=== The problem ===
Transcribe the records below in their entirety, and leave out each image.

=== Supplied material ===

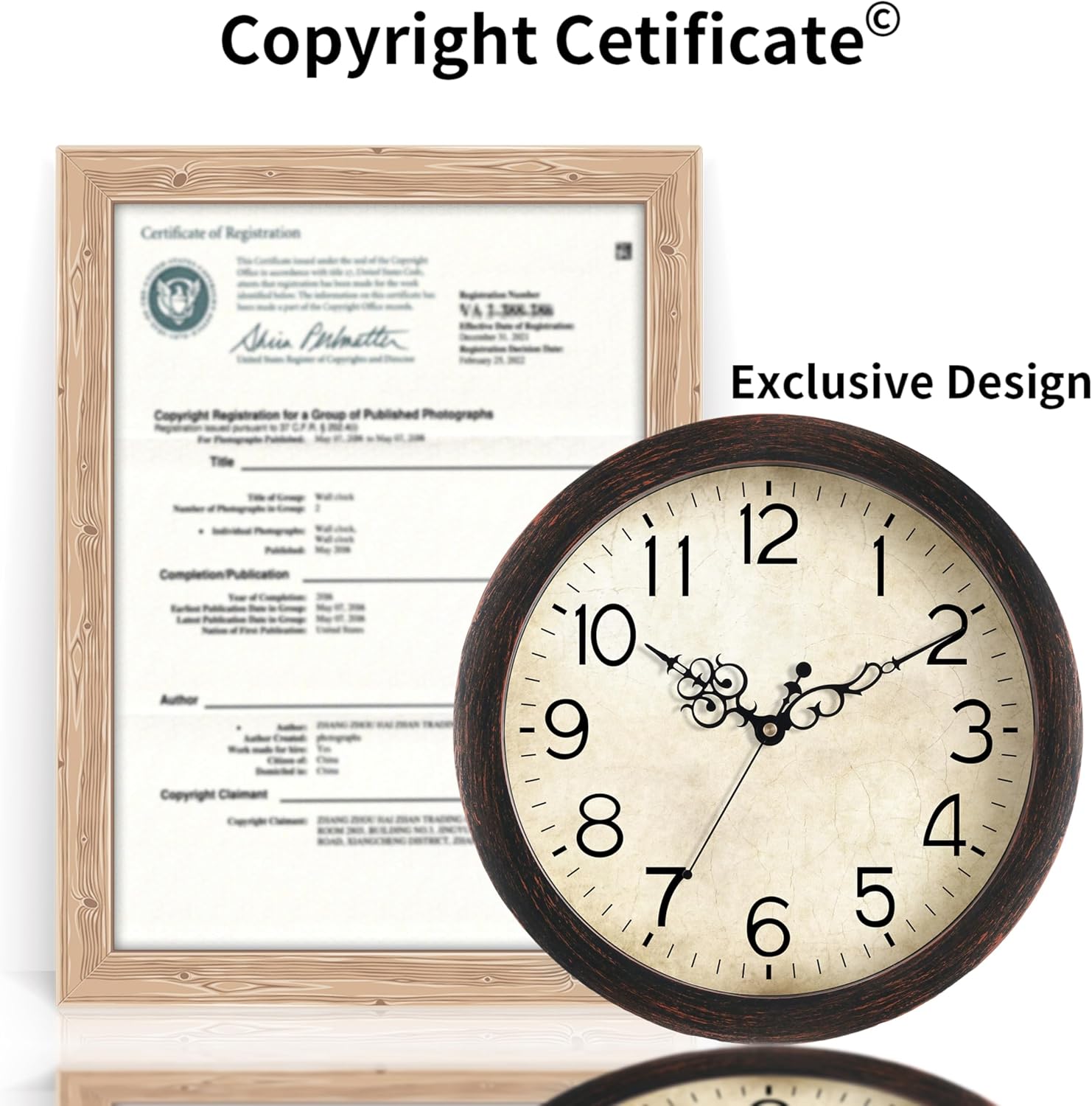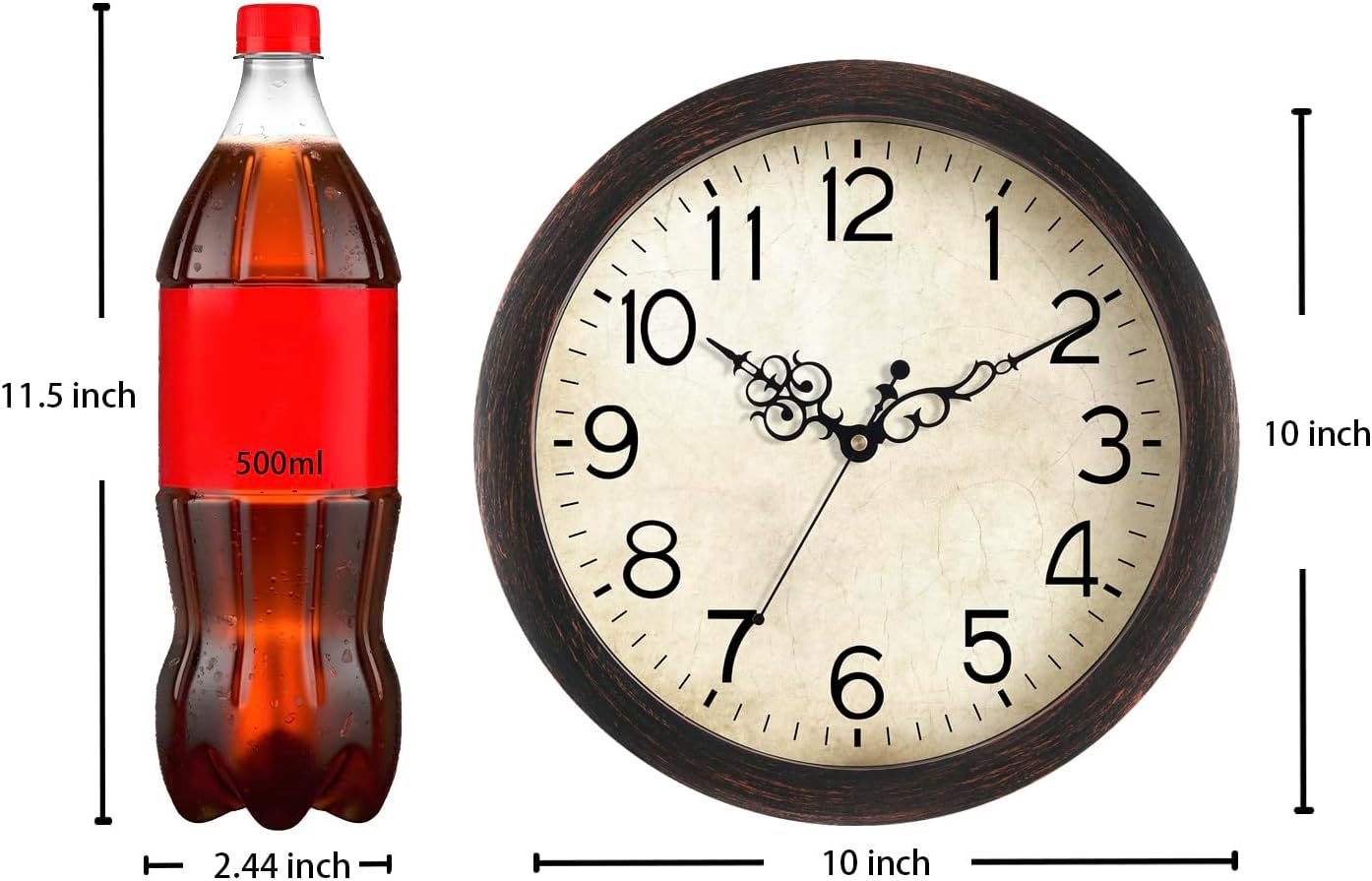 Wall Clock 10 Inch Vintage Wall Clocks Battery Operated Quartz Silent Non-Ticking Retro Rustic Style Clock Decorative for Kitchen,Bathroom, Living Room, Home Office (Bronze)
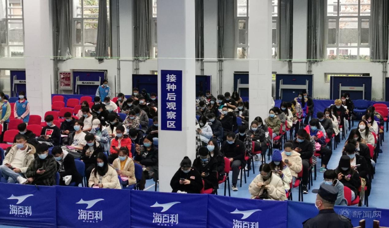各學院迅速行動,副書記、輔導員等第一時間到達現場,組織學生有序進場、填表、詢問、登記、接種、留觀等各項工作。當日下午,已有1000余名師生完成了接種。
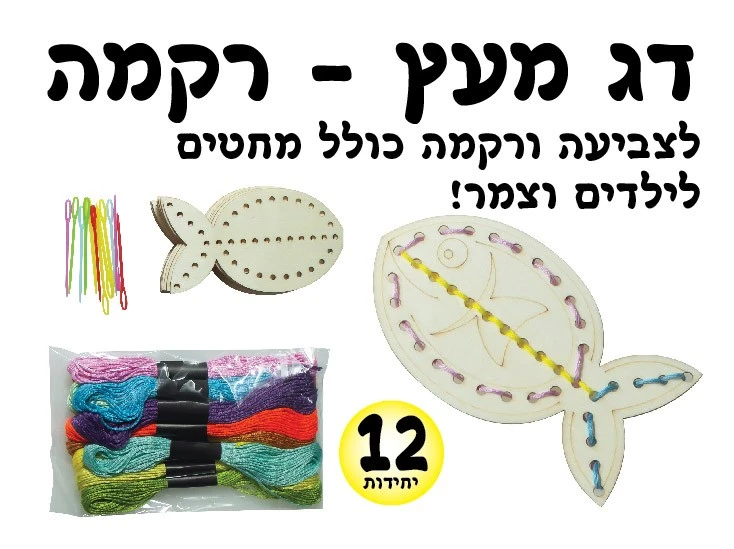 דג מעץ רקמה 12 יחידות
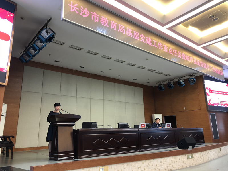 10月18日,长沙市教育局基层党建工作重点任务暨城市基层党建年工作推进会在市考试院六楼召开,会议由长沙市教育局副局长孙传贵主持,市教育局党委书记、局长卢鸿鸣出席此次会议。我校党委书记钟慧莉应邀就支部“五化”建设工作做了典型发言。
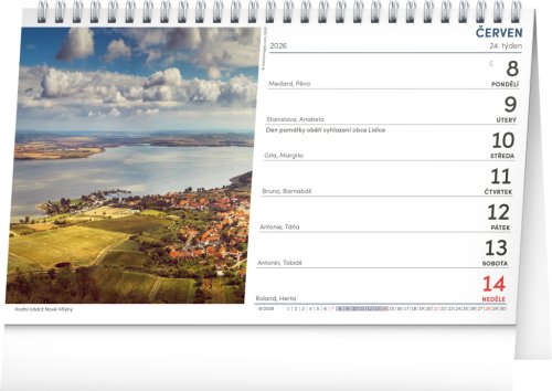 Romantická i málo známá zákoutí Čech a Moravy na stránkách praktického stolního kalendáře, který může posloužit také jako zdroj inspirace pro vaše výlety. Kalendář obsahuje české kalendárium s českými jmény, svátky, významnými dny a přehled na rok 2026 a 2027.
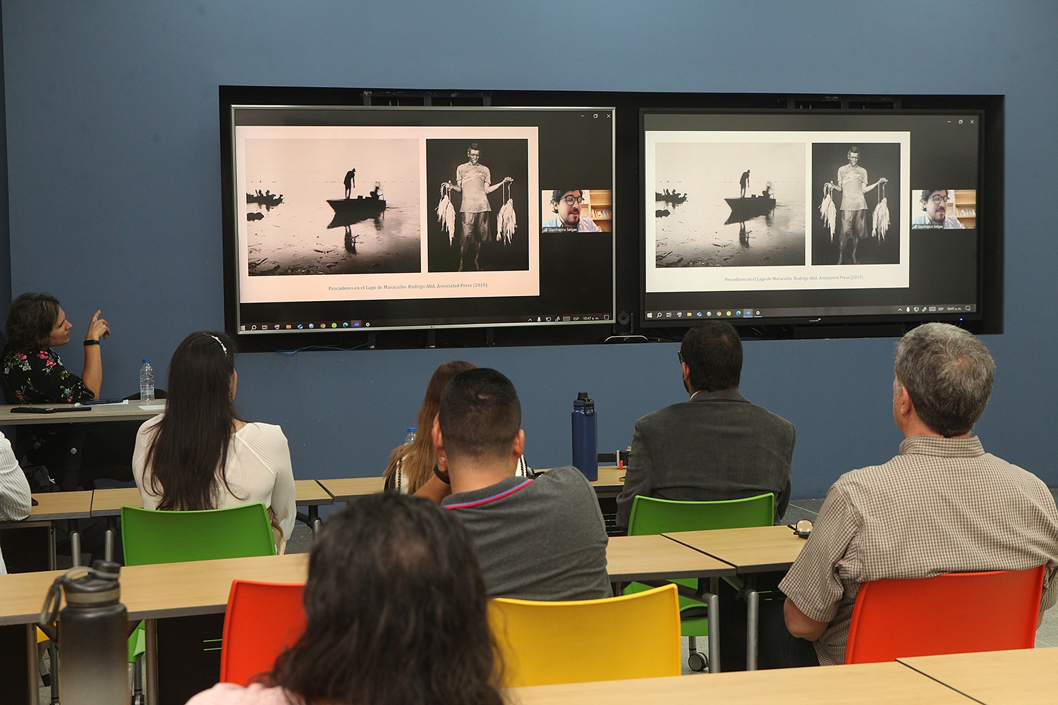 «Tesis sobre las humanidades ambientales: Venezuela en la encrucijada del cambio climático» fue el título de la exposición, transmitida por Zoom y seguida por el público presente en el edificio de Postgrado con la plataforma de las aulas tecnológicas.
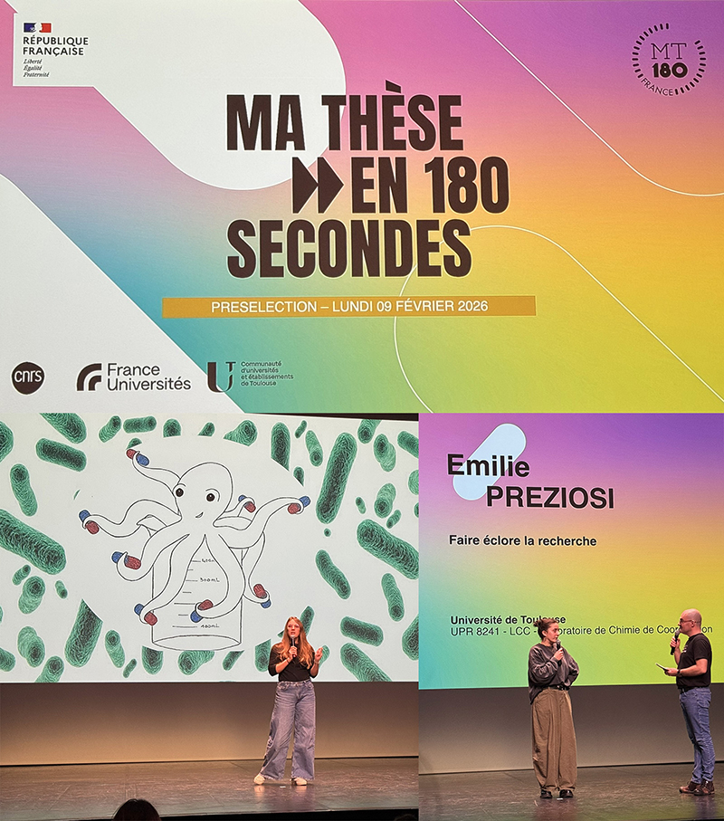Parmi les seize finalistes, deux doctorantes du LCC, Charlotte Aparici et Emilie Preziosi, se sont brillamment qualifiées lors des sélections locales qui se sont déroulées le lundi 9 février.
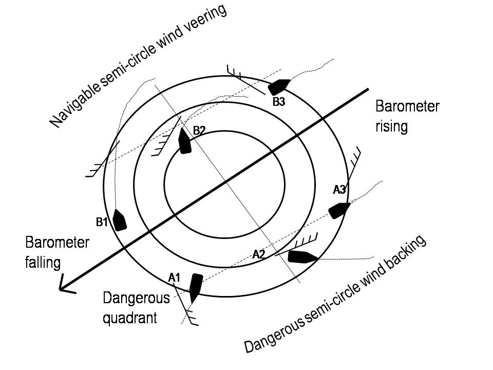 Obtain weather forecasts and track the storm’s position and movement. Try not to rely on one source of information. Wear a life jacket and issue one to all on board, making sure they put them on. Work out the best track to sail (the safe/dangerous semi-circle – see below). Get some sleep before the storm arrives, if you can.
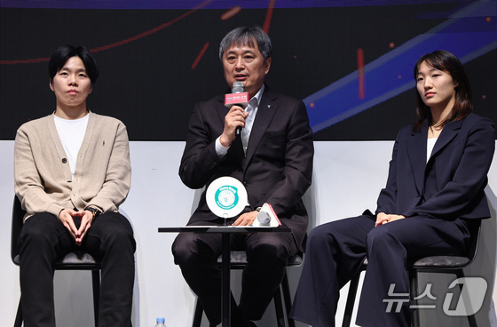 하나은행 이상범 감독이 6일 서울 용산구 서울드래곤시티에서 열린 BNK금융 2025-2026 여자프로농구 포스트시즌 미디어데이에서 발언하고 있다. 2026.4.6 © 뉴스1 김도우 기자
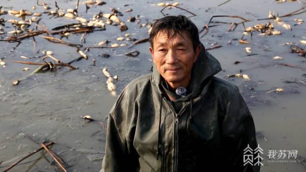 今年60岁的采藕工人陆召之,有着十多年的采藕经验,这段时间每天早上8点就来到藕塘。下水前,要先脱掉身上厚重的棉衣棉裤,换上皮衩进入四五十公分深的藕塘里,寒意瞬间就会从脚底蔓延到全身。
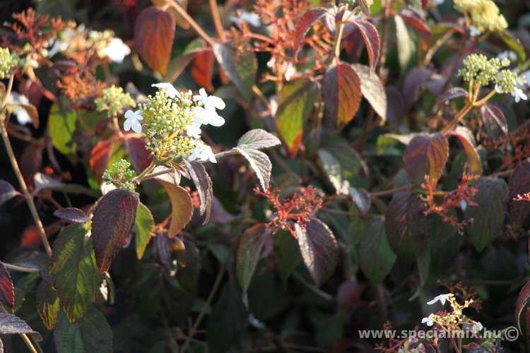 1,5–2,5 m magas, gömbölyded alakú lombhullató cserje, közel vízszintesen álló ágakkal. Levelei széles tojásdadok, ősszel lilásvörösre/rőtvörösre színeződnek. Fehér virágai május-júniusban nyílnak, a széleken nagyobb, meddő virágokkal. A virágokból nyár végére élénkpiros termések fejlődnek. Üde, tápdús, laza szerkezetű humuszos kerti talajt, napot/félárnyékot, párás környezetet igényel.
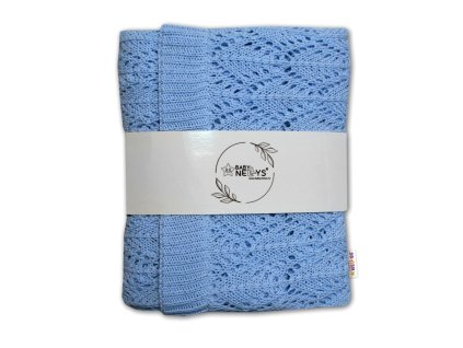 Baby Nellys Luxusní bavlněná háčkovaná deka, dečka LOVE, 75x95cm - světle modrá
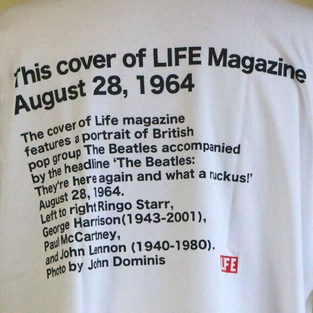 背面には「This cover of LIFE Magazine August 28,1964 The cover of Life magazine features a portrait of British pop group The Beatles accompanied by the headline 'The Beatles:They're here again and what a ruckus!' August 28,1964. Left to right Ringo Starr, George Harrison(1943-2001),Paul McCartney,and John Lennon(1940-1980).Photo by John Dominis」とプリントされています。
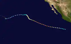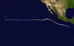 The 1992 Pacific hurricane season was the most active Pacific hurricane season on record, featuring 27 named storms. The season also produced the second-highest ACE value on record in the basin, only surpassed by the 2018 season. The 1992 season officially started on May 15 in the eastern Pacific, and on June 1 in the central Pacific, and lasted until November 30. These dates conventionally delimit the period of each year when most tropical cyclones form in the northeastern Pacific Ocean.[1] However, tropical cyclogenesis is possible at any time of the year, as demonstrated by the development of Hurricane Ekeka on January 28, and Tropical Storm Hali two months later.

=== Solution to this problem ===
 Wall Clock 10 Inch Vintage Wall Clocks Battery Operated Quartz Silent Non-Ticking Retro Rustic Style Clock Decorative for Kitchen,Bathroom, Living Room, Home Office (Bronze)
各學院迅速行動,副書記、輔導員等第一時間到達現場,組織學生有序進場、填表、詢問、登記、接種、留觀等各項工作。當日下午,已有1000余名師生完成了接種。
 דג מעץ רקמה 12 יחידות
 10月18日,长沙市教育局基层党建工作重点任务暨城市基层党建年工作推进会在市考试院六楼召开,会议由长沙市教育局副局长孙传贵主持,市教育局党委书记、局长卢鸿鸣出席此次会议。我校党委书记钟慧莉应邀就支部“五化”建设工作做了典型发言。
 Romantická i málo známá zákoutí Čech a Moravy na stránkách praktického stolního kalendáře, který může posloužit také jako zdroj inspirace pro vaše výlety. Kalendář obsahuje české kalendárium s českými jmény, svátky, významnými dny a přehled na rok 2026 a 2027.
 «Tesis sobre las humanidades ambientales: Venezuela en la encrucijada del cambio climático» fue el título de la exposición, transmitida por Zoom y seguida por el público presente en el edificio de Postgrado con la plataforma de las aulas tecnológicas.
Parmi les seize finalistes, deux doctorantes du LCC, Charlotte Aparici et Emilie Preziosi, se sont brillamment qualifiées lors des sélections locales qui se sont déroulées le lundi 9 février.
 Obtain weather forecasts and track the storm’s position and movement. Try not to rely on one source of information. Wear a life jacket and issue one to all on board, making sure they put them on. Work out the best track to sail (the safe/dangerous semi-circle – see below). Get some sleep before the storm arrives, if you can.
 하나은행 이상범 감독이 6일 서울 용산구 서울드래곤시티에서 열린 BNK금융 2025-2026 여자프로농구 포스트시즌 미디어데이에서 발언하고 있다. 2026.4.6 © 뉴스1 김도우 기자
 今年60岁的采藕工人陆召之,有着十多年的采藕经验,这段时间每天早上8点就来到藕塘。下水前,要先脱掉身上厚重的棉衣棉裤,换上皮衩进入四五十公分深的藕塘里,寒意瞬间就会从脚底蔓延到全身。
 1,5–2,5 m magas, gömbölyded alakú lombhullató cserje, közel vízszintesen álló ágakkal. Levelei széles tojásdadok, ősszel lilásvörösre/rőtvörösre színeződnek. Fehér virágai május-júniusban nyílnak, a széleken nagyobb, meddő virágokkal. A virágokból nyár végére élénkpiros termések fejlődnek. Üde, tápdús, laza szerkezetű humuszos kerti talajt, napot/félárnyékot, párás környezetet igényel.
 Baby Nellys Luxusní bavlněná háčkovaná deka, dečka LOVE, 75x95cm - světle modrá
 背面には「This cover of LIFE Magazine August 28,1964 The cover of Life magazine features a portrait of British pop group The Beatles accompanied by the headline 'The Beatles:They're here again and what a ruckus!' August 28,1964. Left to right Ringo Starr, George Harrison(1943-2001),Paul McCartney,and John Lennon(1940-1980).Photo by John Dominis」とプリントされています。
 The 1992 Pacific hurricane season was the most active Pacific hurricane season on record, featuring 27 named storms. The season also produced the second-highest ACE value on record in the basin, only surpassed by the 2018 season. The 1992 season officially started on May 15 in the eastern Pacific, and on June 1 in the central Pacific, and lasted until November 30. These dates conventionally delimit the period of each year when most tropical cyclones form in the northeastern Pacific Ocean.[1] However, tropical cyclogenesis is possible at any time of the year, as demonstrated by the development of Hurricane Ekeka on January 28, and Tropical Storm Hali two months later.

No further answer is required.